§ Task to carry out:
Copy out every line of the data exactly; do not include the images.
** Data excerpt follows **
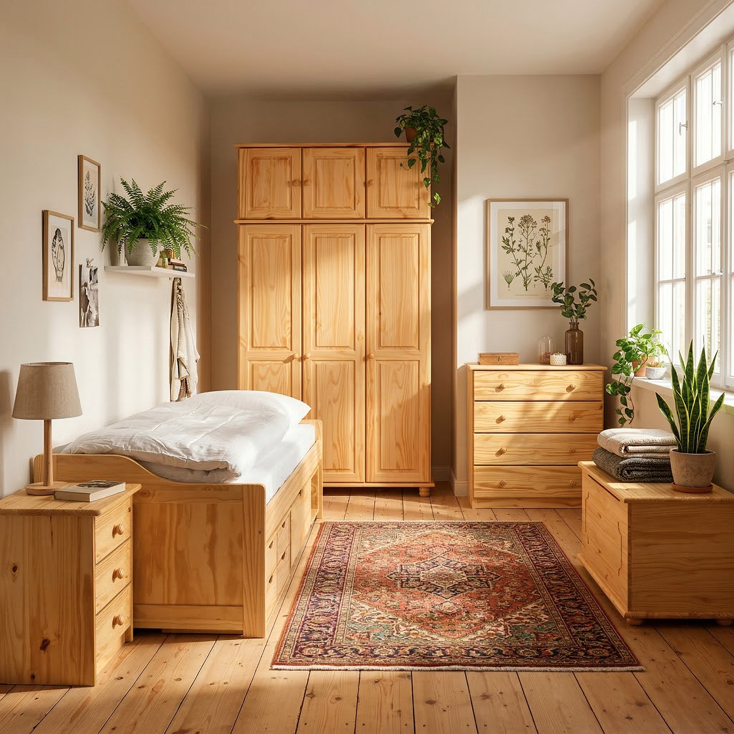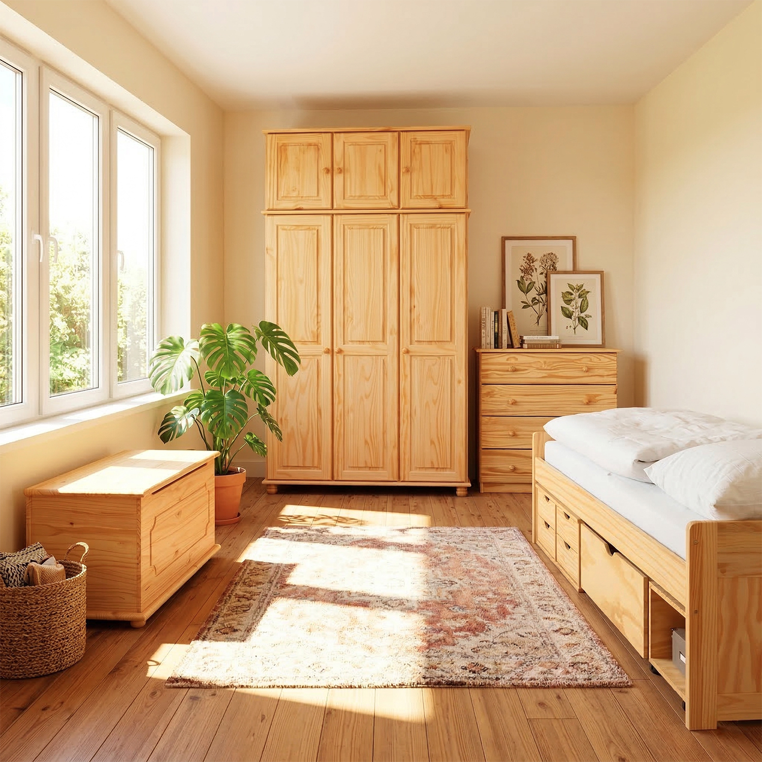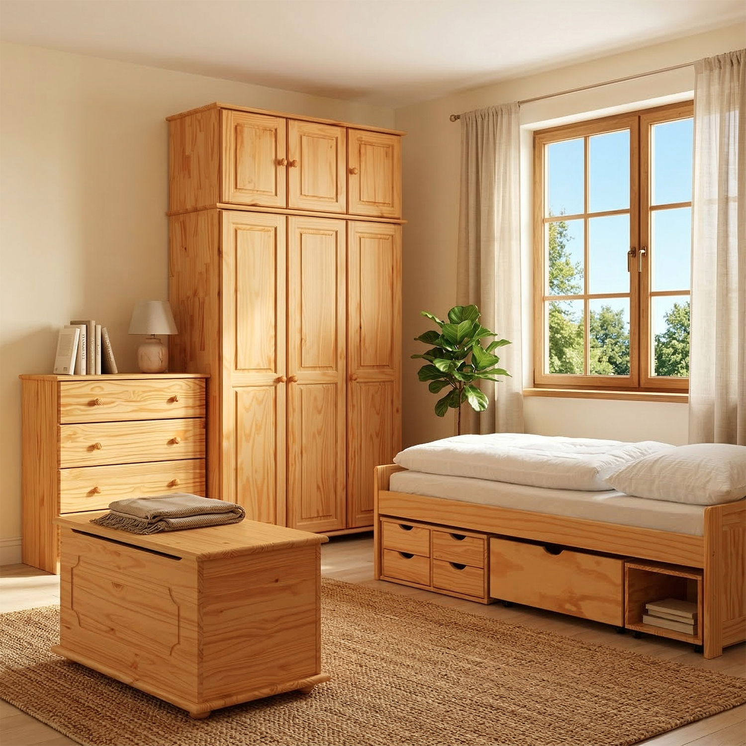 materiál masiv borovice, lakované provedení jedny dvířka, jedna variabilní police 4 široké zásuvky s kovovými pojezdy, hloubka zásuvky 33,5 cm
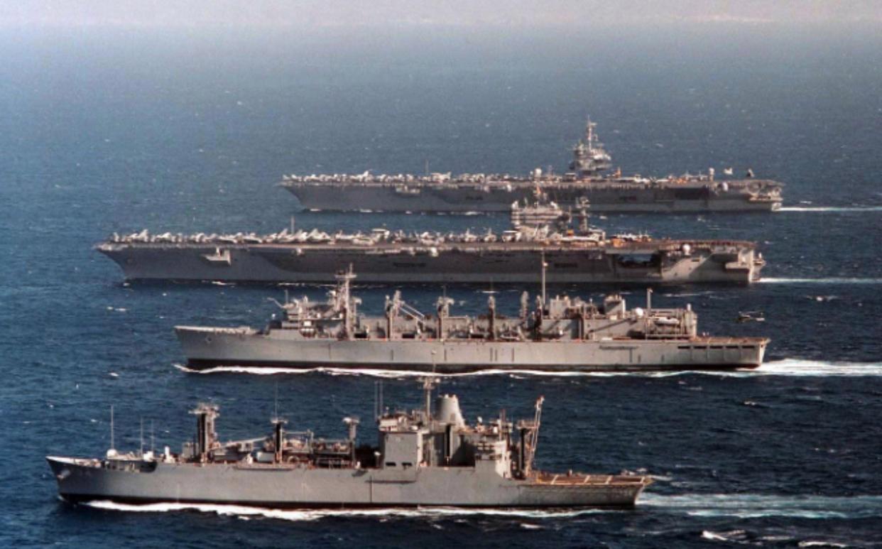 美国航母编队通常跟着大量后勤类舰船另一个因素就是核动力航母。
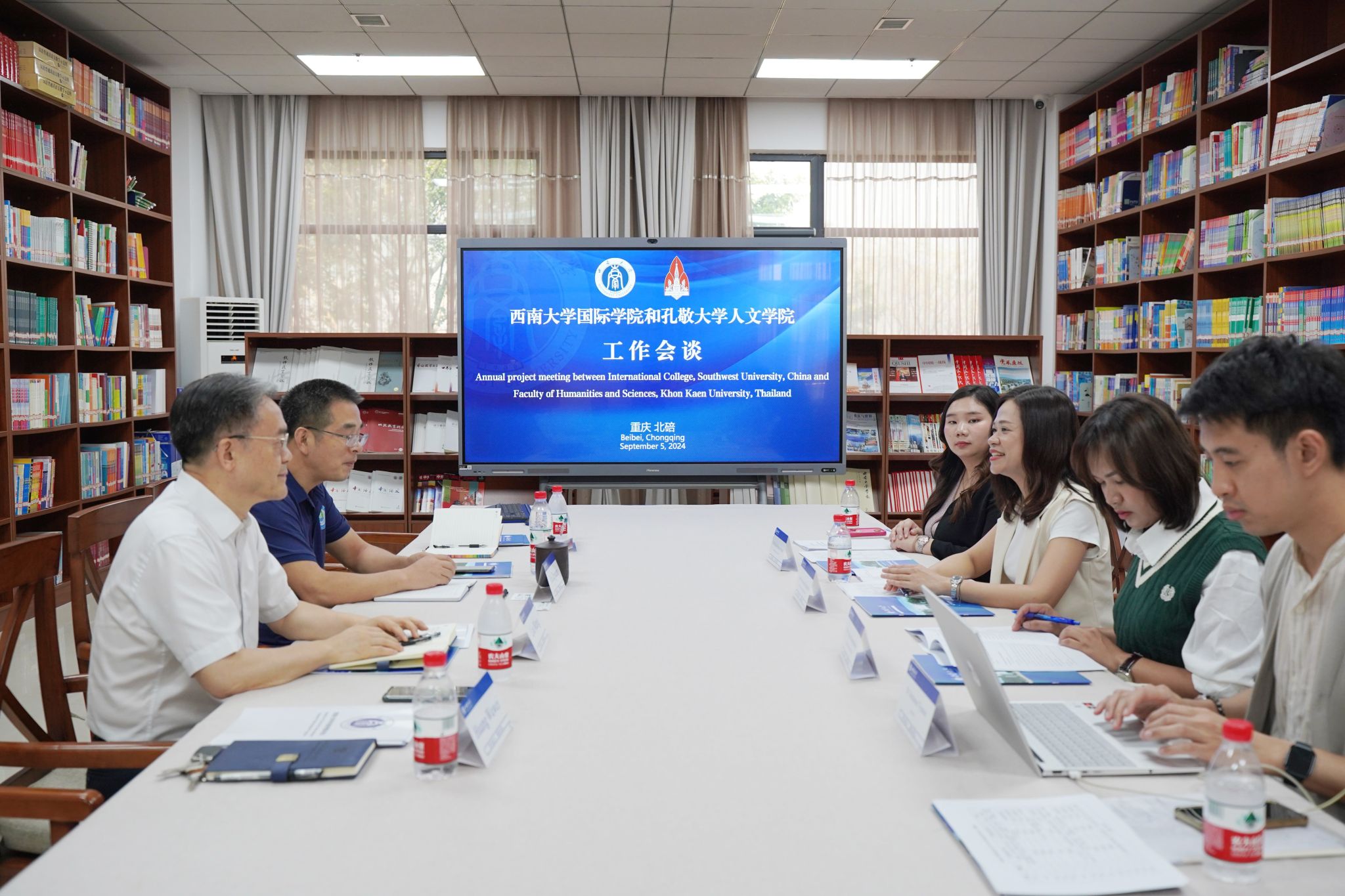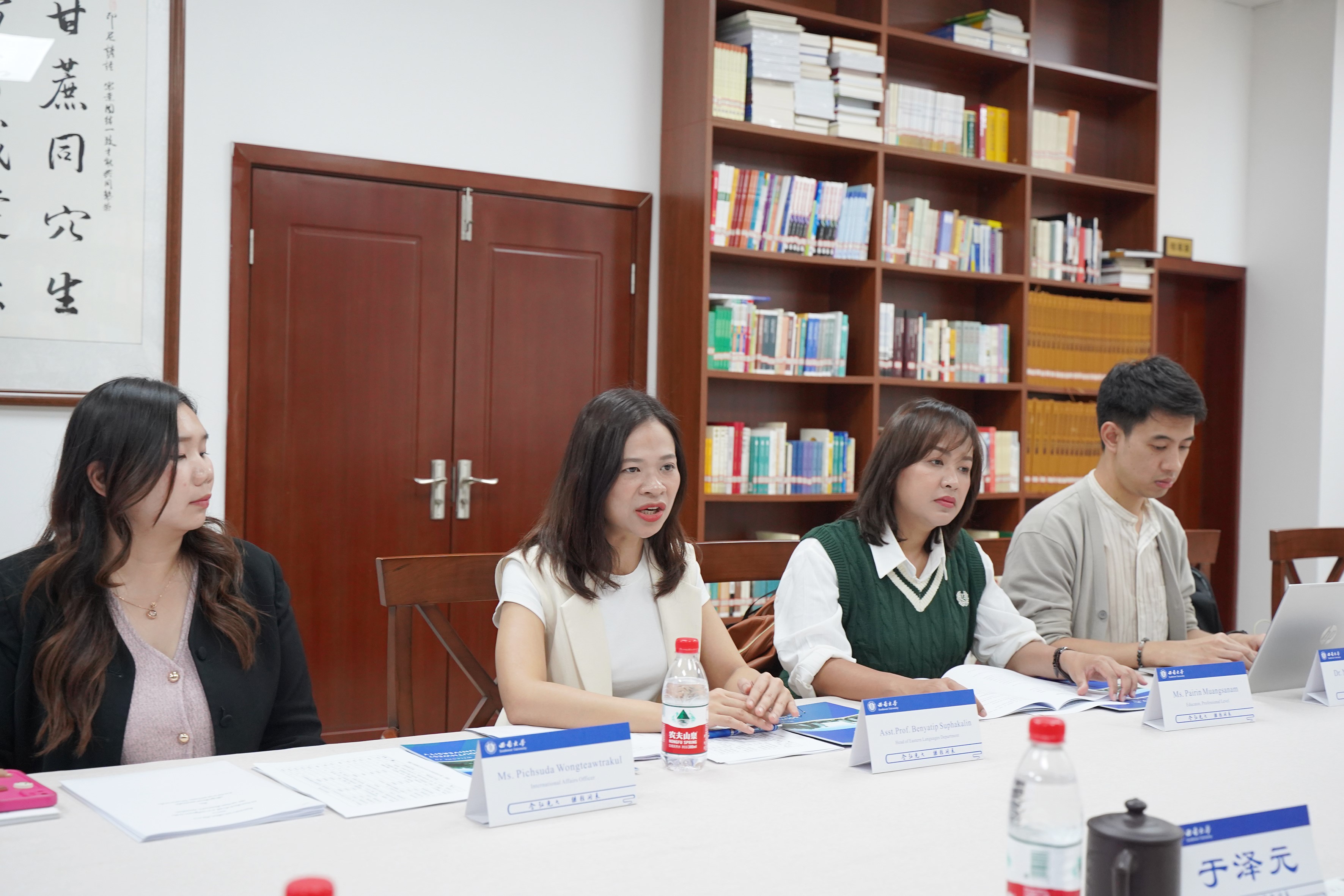 耿军副院长和黄无为主任就预科项目和短期团组等事宜与泰方进行交流。
** End of Data excerpt **
§ Solution to this exercise:
 materiál masiv borovice, lakované provedení jedny dvířka, jedna variabilní police 4 široké zásuvky s kovovými pojezdy, hloubka zásuvky 33,5 cm
 美国航母编队通常跟着大量后勤类舰船另一个因素就是核动力航母。
 耿军副院长和黄无为主任就预科项目和短期团组等事宜与泰方进行交流。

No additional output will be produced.